→ **Work to complete**:
Please repeat exactly, and only, the lines from the one containing "Har halvlange ermer" through the end of the records below, with no pictures.

→ **Provided information**:

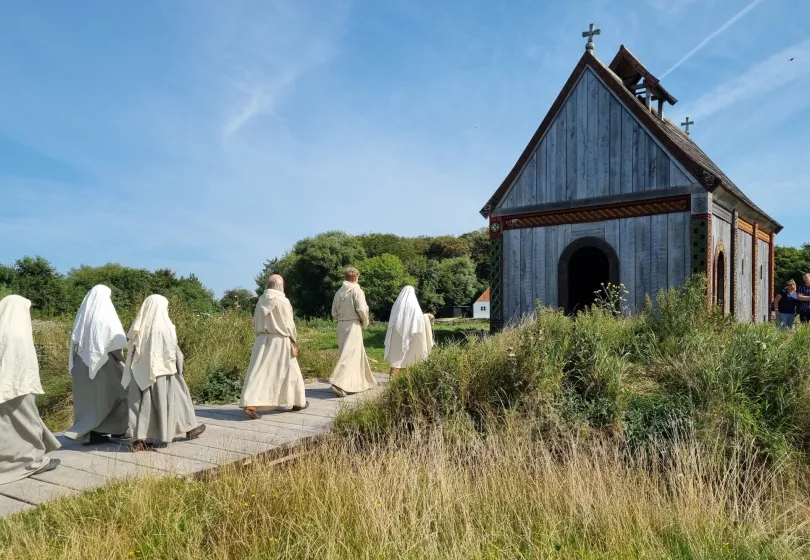 Even though there is no actual finds of Ansgar church, there still is sufficient general knowledge of church building in the 9th century for Ribe VikingeCenter to make a qualified reconstruction of Ansgar Church, 860 AD.
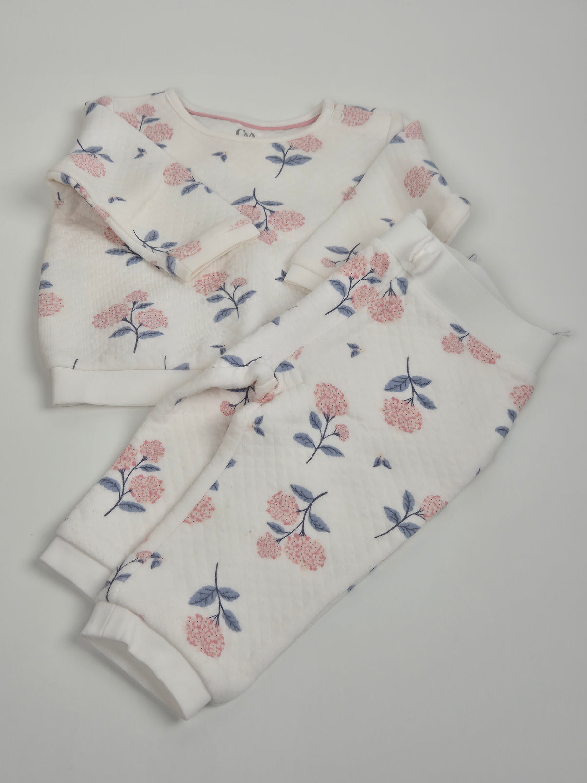 Roztomilá tepláková souprava od značky C&A ve velikosti 74 je ideální volbou pro malé parádnice. Měkký, prošívaný materiál v jemně smetanovém tónu zdobí něžný květinový vzor v růžové a modré...
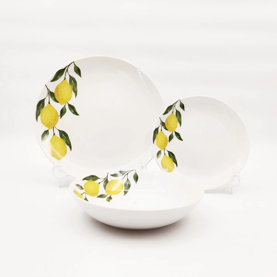 Lot de 18 pièces de vaisselle en céramique motif citron frais pour service de table, assiettes et bols pour 6 personnes, prix de gros
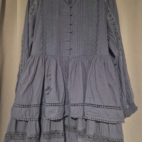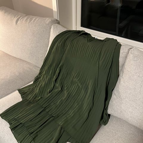 Har halvlange ermer og rekker til knærne. Knytting i livet og lommer på sidene.
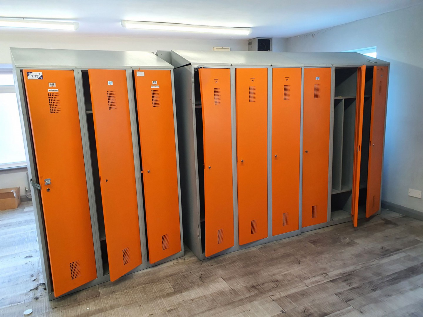 7x orange / grey 3 compartment lockers, 1200x2000x...
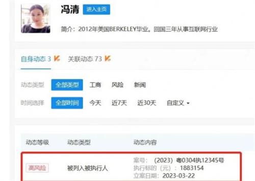 最近,王寶強女友馮清成為被執行人的事件引發了公眾關注,根據相關資料顯示,3月22日,深圳市千尋魅影科技有限公司的法人代表馮清被法院執行188萬,對于此事馮清本人在近期做出了回應,表示自己并非是公眾人物,也不想去占用任何的公共資源,將會在后續將事情交給法務地道的去處理各項事情后續,目前據查詢資料顯示,馮清所關聯的四家公司有三家公司都是吊銷狀態。

→ **Completed task**:
 Har halvlange ermer og rekker til knærne. Knytting i livet og lommer på sidene.
 7x orange / grey 3 compartment lockers, 1200x2000x...
 最近,王寶強女友馮清成為被執行人的事件引發了公眾關注,根據相關資料顯示,3月22日,深圳市千尋魅影科技有限公司的法人代表馮清被法院執行188萬,對于此事馮清本人在近期做出了回應,表示自己并非是公眾人物,也不想去占用任何的公共資源,將會在后續將事情交給法務地道的去處理各項事情后續,目前據查詢資料顯示,馮清所關聯的四家公司有三家公司都是吊銷狀態。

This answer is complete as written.